If this Confederacy is to last, the blessing can only be secured by unswerving adherence to the great principle of local self-government which underlies all our institutions. Once violate the principle—once concede to the higher authority the right of encroaching upon the inferior, and overstepping the fixed limits of its administrative sphere to make itself sovereign — and the tie which connects the commonwealths of this continent will be weakened and ultimately severed. Neither cities, nor Territories, nor States will adhere to a Confederacy which costs them their independence; the most that can be expected of them is just that degree of subordination to the general authority which is compensated by the benefits of the Confederation.

The Mormons, there is reason to believe, are in contumacy. They have assaulted our officials; let us hear their story before we condemn them utterly. They marry several wives; let us teach them better. It is said they are plotting sedition; let us guard against this by sending a few soldiers to keep guard at the new Governor's door.
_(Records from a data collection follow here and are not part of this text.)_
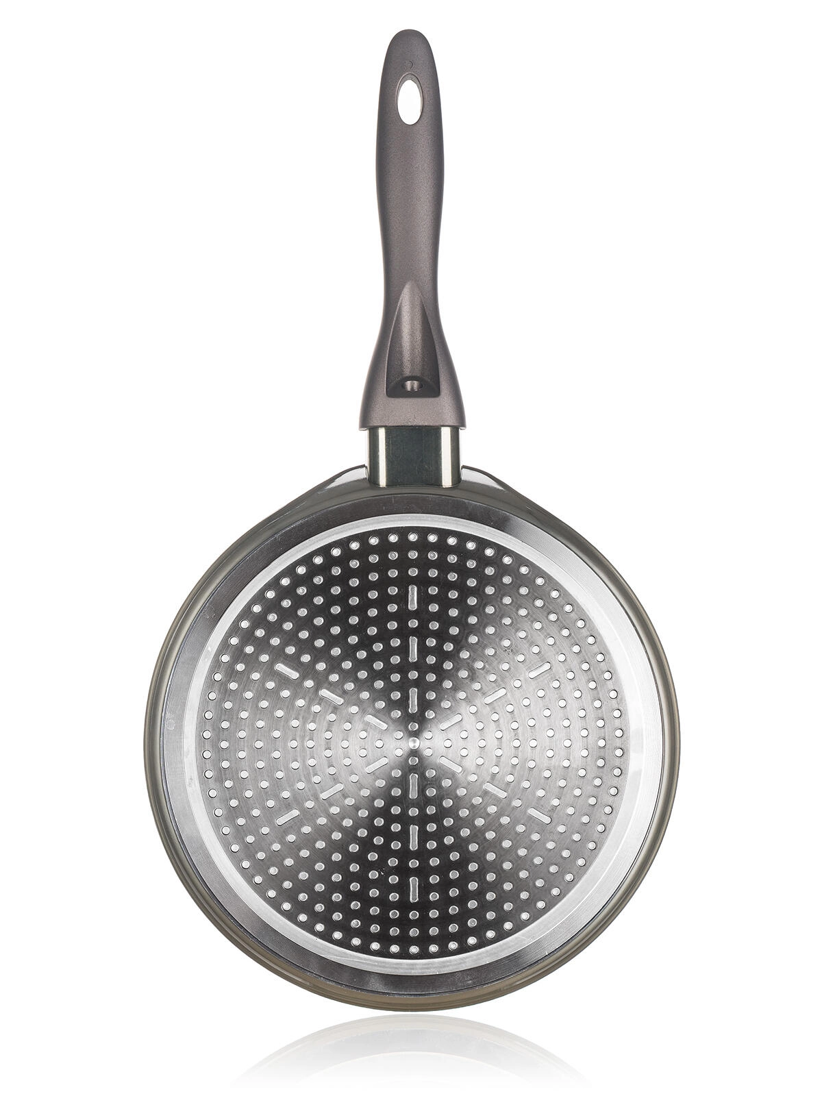 Zunanja karbonska kovinska prevleka daje sodoben videz, medtem ko popolno indukcijsko dno zagotavlja združljivost z vsemi vrstami štedilnikov, vključno z indukcijo. Soft‑touch ročaj nudi varen in udoben oprijem pri obračanju in serviranju.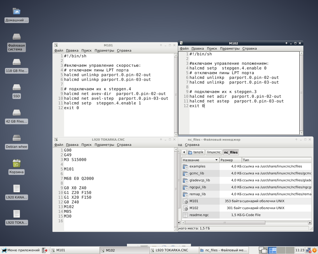 и наверное М( английское в названии файла и задании команды МДИ ) М101 и М102 надо писать МДИ командах по Ф5 в запущенном LinuxCNC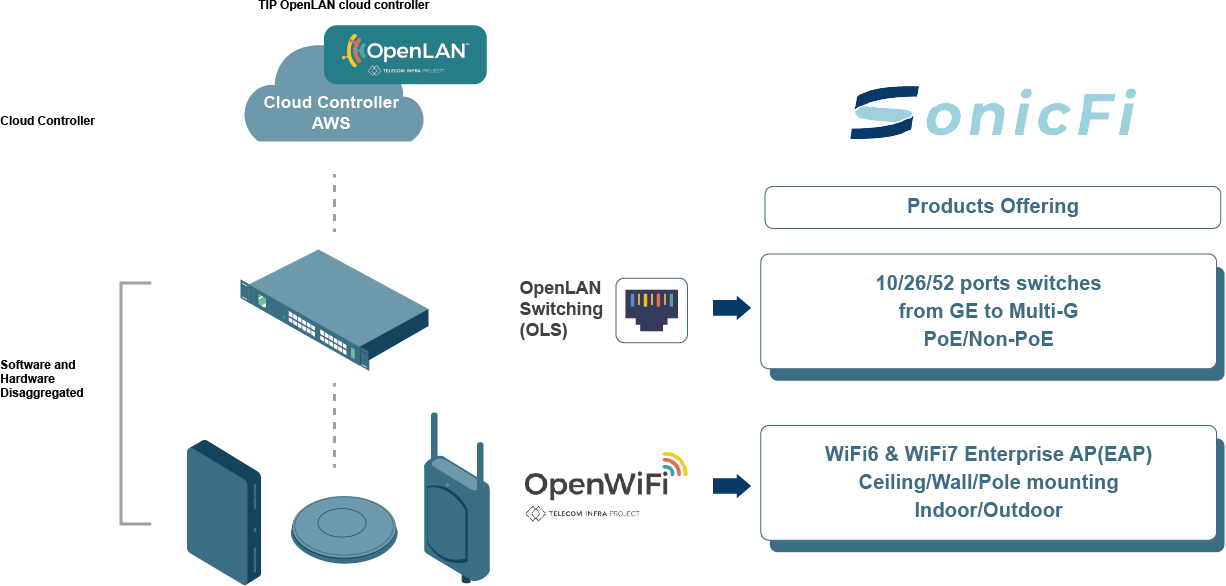 The TIP OpenLAN solution is built-moving away from closed, proprietary systems toward open and disaggregated architectures based on the software defined by the Telecom Infra Project (TIP) OLS open source community. This solution combines SonicFi’s complete product portfolios and the diverse device software as well as cloud control systems from various vendors to form network deployment solutions suitable for various medium to large-scale customer scenarios.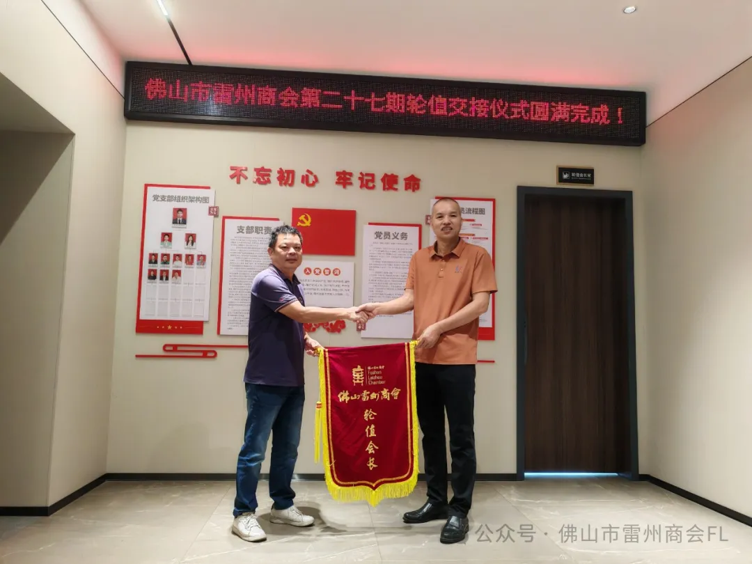 2024年5月6日,佛山市雷州商会第二十七期(4月)轮值会长王明宇先生与第二十八期(5月)轮值会长翁伟文先生顺利完成轮值会长交接仪式!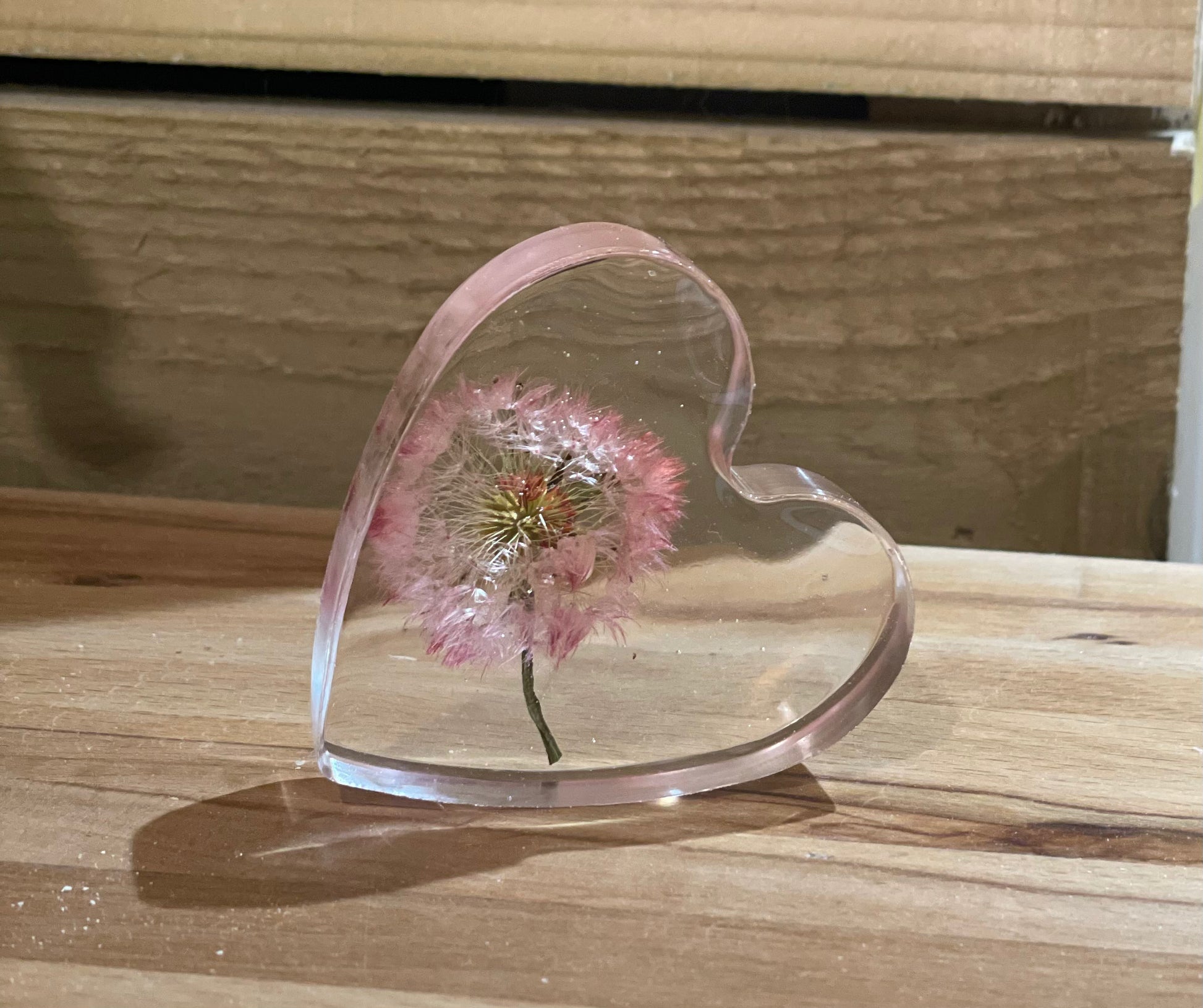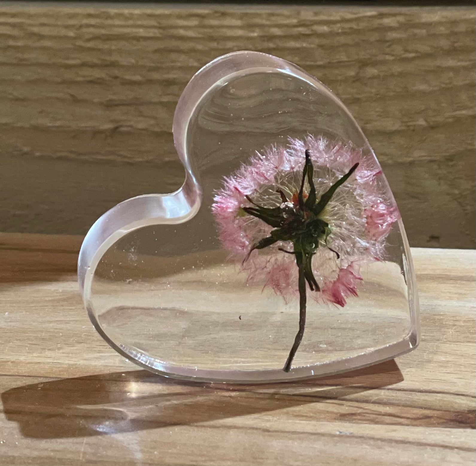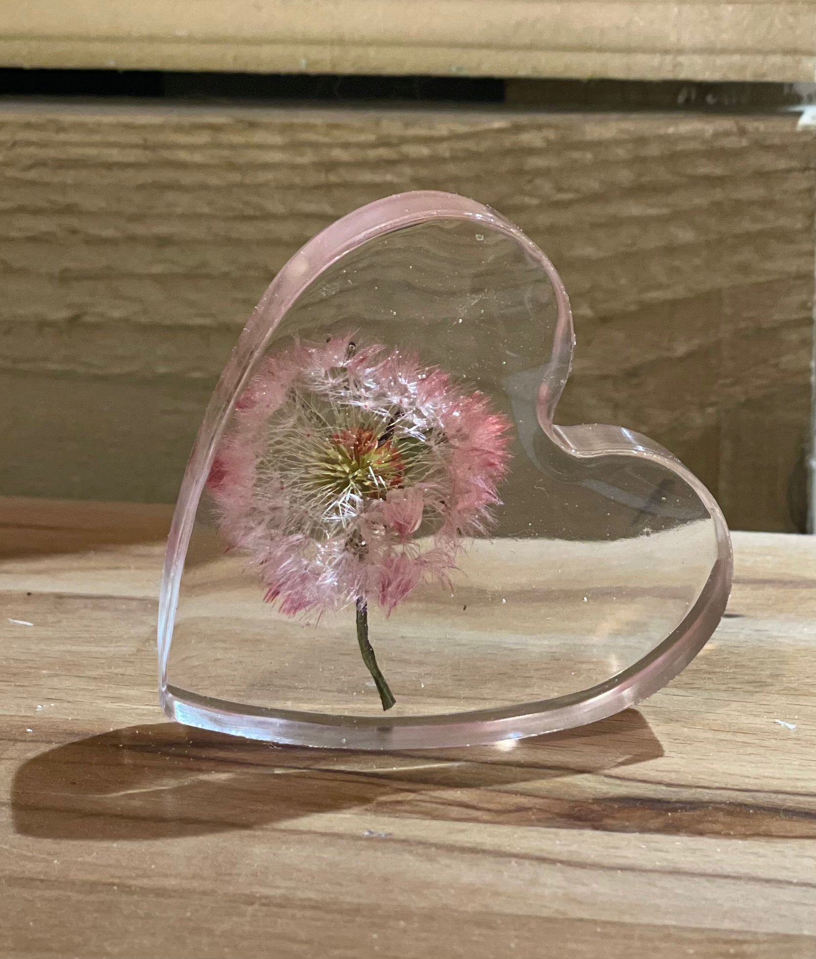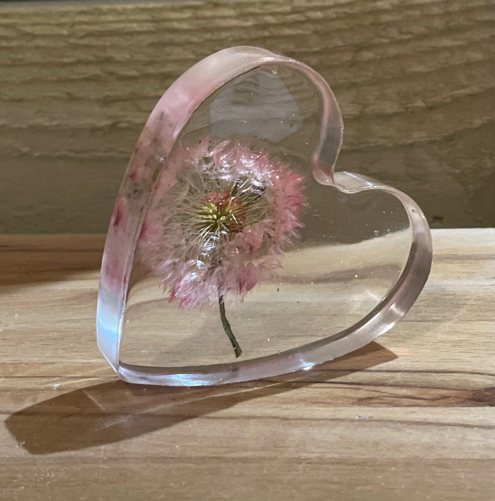 A beautiful free standing resin heart full of dandelion wishes and silver foil flecks for a touch of sparkle.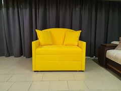 Удобный механизм раскладки. Спинка декорирована подушками.
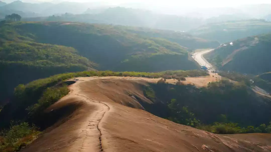 The Danxia landform at Mahuangqiu is different from the God's perspective at Gaoyiling. The Danxia landform here is more gentle. Going up the ancient stone steps left over from hundreds of years ago, you can reach Epo Village on the top of the mountain and overlook Chenzhou's most beautiful Danxia Highway No. 66.
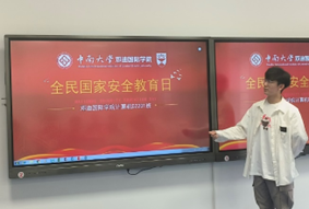 常嘉硕同学从全民国家安全日的由来开讲,带领同学一起学习了《中华人民共和国国家安全法》,介绍了作为一名大学生应当如何在生活中维护国家安全,其中包括网络求职留心眼、“附近的人”防陷阱、论坛交友明是非、约稿邮件要警惕、旅游网站擦亮眼等方面。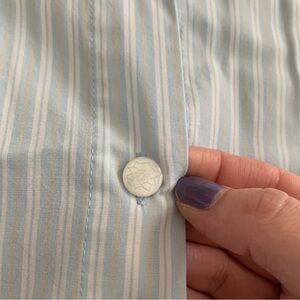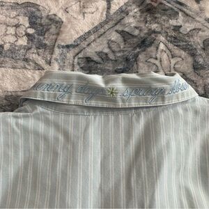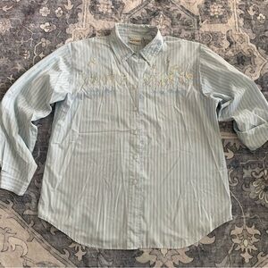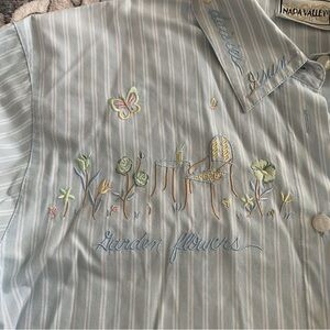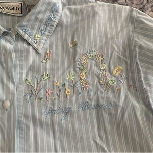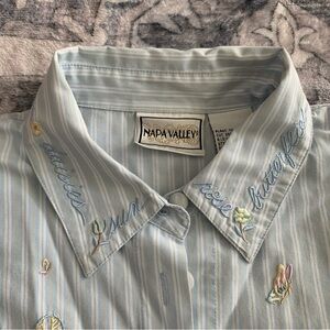 Napa Valley blue vertical striped button-down shirt. Has embroidery of flowers a garden scene. Sleeves can be either full length or rolled up. Has floral design on buttons. Size medium. Has some small discoloration flaws along the bottom hem of the shirt, please see pictures.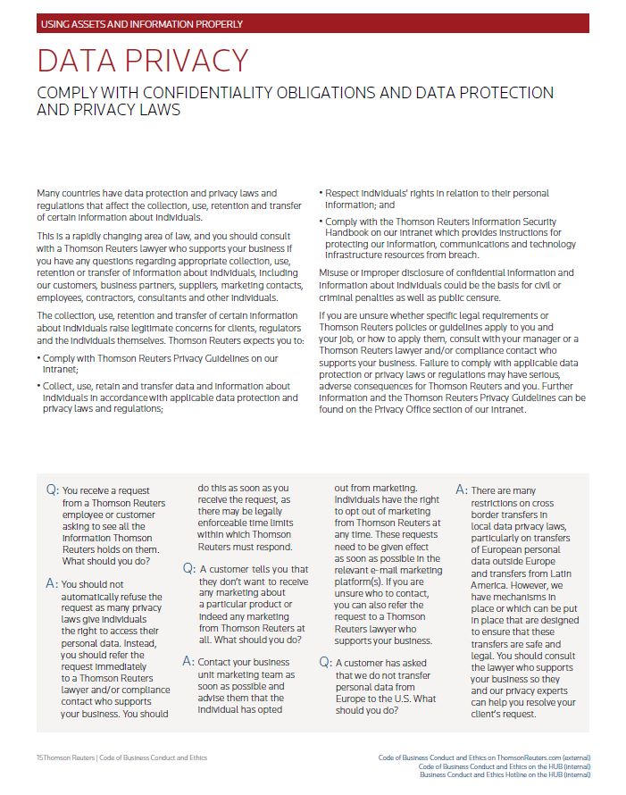 USING ASSETS AND INFORMATION PROPERLY DATA PRIVACY COMPLY WITH CONFIDENTIALITY OBLIGATIONS AND DATA PROTECTION AND PRIVACY LAWS Many countries have data protection and privacy laws and regulations that affect the collection, use, retention and transfer of certain information about individuals. This is a rapidly changing area of law, and you should consult with a Thomson Reuters lawyer who supports your business if you have any questions regarding appropriate collection, use, retention or transfer of information about individuals, including our customers, business partners, suppliers, marketing contacts, employees, contractors, consultants and other individuals. The collection, use, retention and transfer of certain information about individuals raise legitimate concerns for clients, regulators and the individuals themselves. Thomson Reuters expects you to: • Comply with Thomson Reuters Privacy Guidelines on our intranet; • Collect, use, retain and transfer data and information about individuals in accordance with applicable data protection and privacy laws and regulations; • Respect individuals' rights in relation to their personal information; and • Comply with the Thomson Reuters Information Security Handbook on our intranet which provides instructions for protecting our information, communications and technology infrastructure resources from breach. Misuse or improper disclosure of confidential information and information about individuals could be the basis for civil or criminal penalties as well as public censure. If you are unsure whether specific legal requirements or Thomson Reuters policies or guidelines apply to you and your job, or how to apply them, consult with your manager or a Thomson Reuters lawyer and/or compliance contact who supports your business. Failure to comply with applicable data protection or privacy laws or regulations may have serious, adverse consequences for Thomson Reuters and you. Further information and the Thomson Reuters Privacy Guidelines can be found on the Privacy Office section of our intranet. Q: You receive a request from a Thomson Reuters employee or customer asking to see all the information Thomson Reuters holds on them. What should you do? A: You should not automatically refuse the request as many privacy laws give individuals the right to access their personal data. Instead, you should refer the request immediately to a Thomson Reuters lawyer and/or compliance contact who supports your business. You should do this as soon as you receive the request, as there may be legally enforceable time limits within which Thomson Reuters must respond. Q: A customer tells you that they don’t want to receive any marketing about a particular product or indeed any marketing from Thomson Reuters at all. What should you do? A: Contact your business unit marketing team as soon as possible and advise them that the individual has opted out from marketing. Individuals have the right to opt out of marketing from Thomson Reuters at any time. These requests need to be given effect as soon as possible in the relevant e-mail marketing platform(s). If you are unsure who to contact, you can also refer the request to a Thomson Reuters lawyer who supports your business. Q: A customer has asked that we do not transfer personal data from Europe to the U.S. What should you do? A: There are many restrictions on cross border transfers in local data privacy laws, particularly on transfers of European personal data outside Europe and transfers from Latin America. However, we have mechanisms in place or which can be put in place that are designed to ensure that these transfers are safe and legal. You should consult the lawyer who supports your business so they and our privacy experts can help you resolve your client’s request. Thomson Reuters | Code of Business Conduct and Ethics Code of Business Conduct and Ethics on ThomsonReuters.com (external) Code of Business Conduct and Ethics on the HUB (internal) Business Conduct and Ethics Hotline on the HUB (internal)
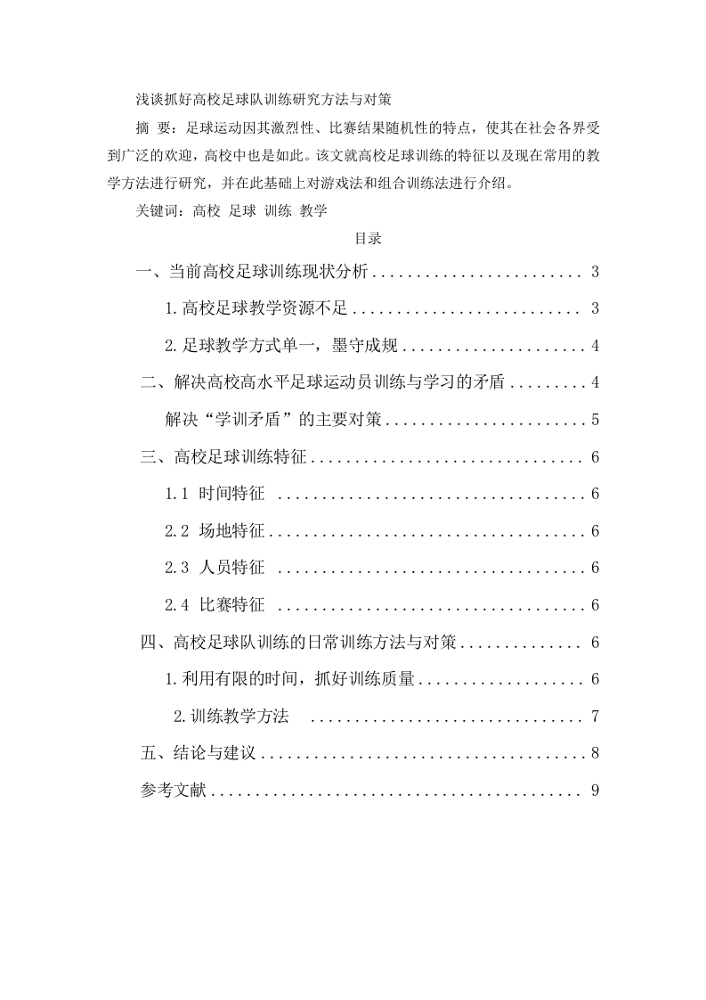 浅谈抓好高校足球队训练研究方法与对策摘要:足球运动因其激烈性、比赛结果随机性的特点,使其在社会各界受到广泛的欢迎,高校中也是如此。该文就高校足球训练的特征以及现在常用的教学方法进行研究,并在此基础上对游戏法和组合训练法进行介绍。关键词:高校足球训练教学目录一、当前高校足球训练现状分析..·1.高校足球教学资源不足..·.......二、解决高校高水平足球运动员训练与学习的矛盾.·..·4解决“学训矛盾”的主要对策....61.1时间特征2.2场地特征...62.3人员特征62.4比赛特征6四、高校足球队训练的日常训练方法与对策.··662.训练教学方法7参考文献.9一、当前高校足球训练现状分析(一)高校足球教学资源不足足球教学资源分为师资力量队伍、教材教具、教学设施投入等。当前高校足球教学关键的问题就是足球师资力量短缺。一个足球老师会同时带专业班和普通班,有的高职院校甚至没有引进足球专业教师,这就使得足球教育过于形式化、肤浅化。其次,部分教师的足球专业素养难以顺应时代的需求,其教学方法也生搬硬套,导致教学水平无法提高,严重影响到课堂教学质量。另外,足球教学硬件设施有限和教具器材数量不足、质量不高也严重阻碍了高校足球教学的顺利开展。一些高校足球场地不标准、不合格或是场地仅上课期间开放,大大减弱了大学生对足球运动的学习兴趣。同时,场地不标准、器材不合格还会对积极参与足球运动的学生造成一定伤害,打击学生的练习积极性。(二)足球教学方式单一,墨守成规目前大部分高校的足球课教学主要以运动技能学习为主,教师多采用“填鸭式”的传统教学方式,而缺少了对广大学生“学”的主体作用的关注,这种学习模式极大地阻碍了学生自主创新能力的培养与发展。足球教学太注重竞技能力的提高,导致学生的运动量变大,身心负担变重,学生的练习仅仅为完成教师布置的内容,没有使学生从课堂中感受到足球运动的魅力。足球队队员生活管理情况的现状分析据调查,所有的学校都采用“走训制”的管理模式,即仅负责训练的形式。而队员平时的思想工作一般都有教练员进行负责,而日常生活自行解决。所谓“走训制”就是学习的时候队员仍然是一位普通学生,与其他学生没有区别。只有在下午放学以后或周末、寒暑假参加业余训练,这样既充分解决了学与训的矛盾,又能够使队员在学习、训练之外的课余生活中得到充分发展,使其获取一个健康的人格。对于队员的生活情况,学校要安排固定的生活老师,定期了解他们的生活情况,为他们的训练做好后勤保障。二、解决高校高水平足球运动员训练与学习的矛盾随着社会文化的发展,对于文化知识的要求是越来越高,特别是对于大学生运动员来说,社会的各种压力也就更大,在接受专业训练的同时对于学习的时间也随之逐渐减少,想要真正成为一名优秀的大学生运动员并取得出色的比赛成绩,就必须要提高自己的综合素质,包括竞技水平、文化修养、职业道德、法律意识等等。运动员进入大学后,四年文化课的压力很大,要加强我国高校高水平足球队训练,首先,就在于如何安排好运动员的学习与训练的问题。因为运动训练同文化课的学习都应循序渐进、不断深化提高的过程。成绩的提高需要一定的训练和学习时间作保证。训练期间、恢复时间和文化时间是一具学生运动员难以解决的尖锐的矛盾。对高水平足球运动员在取消学时制,过渡到真正的学分制送还和指令必修课,增大选修章程在学习年限上不要限制的太死,必要时可拿出一定资金安排课外辅导老师。解决学生运动员学习上的实际思想困难,还要加强大学足球运动员的思想矛盾教育,让他们深刻认识到足球运动员的知识素养问题是解决训练与学习这一矛盾的关键。(一)解决“学训矛盾”的主要对策1、提高训练的科学化程度提高训练的科学化程度就是要把“粗放型”训练转变为“精细化”训练,提高训练的科技含量。要实现这一转变,首要的是要提高高等院校教练员的执教水平。2、加强高水平运动员学籍管理,建立适应高水平运动员学习和训练的管理模式21随班学习,联合管理。为了增强运动员的学习氛围,可以将运动员下放到各个系部,由各个系部统一管理。特别是对那些文化基础较好的运动员,采取与普通学生完全相同的学习和管理方式。2.2单独制定学习计划。必须制定一个科学、合理的教学计划。高水平运动员的教学计划必须适应运动员这个特殊群体的学习和生活特点,在制定时应掌握以下原则:2.2.1将教学计划分为文化课和体育训练课两个独立部分,其中文化课分由专业所在系提出,体育训练课部分由体育教学部提出。2.2.2文化课严格按普通学生的安排,学习该专业主干课程及主要实践环节,其中可含10%左右的限选课或体育理论课。文化课的课内外学时比大约为1:1.5,

But this lately popular idea of crushing out the Mormons, and dashing furiously upon them with horse and foot, because sensation stories have been published about Brigham Young's wives, is not up to the mark of the common sense of the age. Such absurdities as polygamy in a country where men outnumber the women, and the poorest can afford to marry, only need, to explode them, a little time and plenty of fresh air. As to rebellion against the United States, we suspect the bulk of the Mormon community have far too much to do to make an honest living to have time for such foolery. They are thinking a great deal more of the grasshoppers than of Uncle Sam's troops. So far as we can judge, on the facts as known at present, though the new Governor of Utah will undoubtedly have a hard task to perform, the ultimate difficulties of Mormonism may be surmounted by a temperate exercise of discretion and firmness, and by the effect of time, without violating any such vital principle as the inherent sovereignty of the people of each and every separate community within the United States.